PublicInvest Research said it had estimated IGB’s assets to be worth at least RM8bil, or RM5.85 per share, which it said was already a conservative valuation.

The broker pointed out that Goldis’ offer valued IGB’s equity at RM3.84bil, which was only 48% the estimated revalued net asset value of RM8bil of IGB.

PublicInvest Research pointed out that it had yet to impute value coming from future assets such as MidValley SouthKey (1.8 milllion sq ft net lettable area), Southpoint (900,000 sq ft of net lettable area), IGB International School, and a few hotels and development projects that have a potential RM10bil in gross development value.

“The offer price, which among other things, derived from the reported book value of RM4.42bil or RM3.25 is unfair and unreasonable in our view, as most assets in IGB are still valued at book value.

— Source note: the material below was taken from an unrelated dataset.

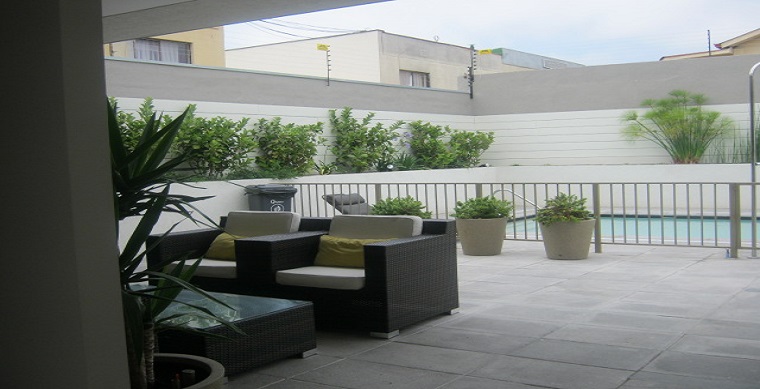 Edificio con piscina, gimansio, sala de cine, quincho, sala de eventos.

Its 51.4% stake in IGB Reit is already worth RM2.2bil and it has a net cash position of RM700mil at holding level,” PublicInvest said, adding that IGB shares’ upside would be capped, pending the progress of the takeover offer from Goldis.

According to PublicInvest Research, at RM2.88, Goldis would have to fork out around RM2.67bil to buy out IGB.

“This is perplexing as Goldis has only around RM100mil cash, and will need to raise around RM2bil, which is still a huge amount considering its current capitalisation of RM1.45bil,” the brokerage pointed out.

It, however, believes the deal is good for Goldis.

“The effective RM2bil is even lower than the market value of IGB’s 51.4% stake in IGB Reit that is worth around RM2.2bil.

In other words, Goldis is paying IGB for its IGB Reit stake at a discount and getting everything else for free,” PublicInvest Research explained.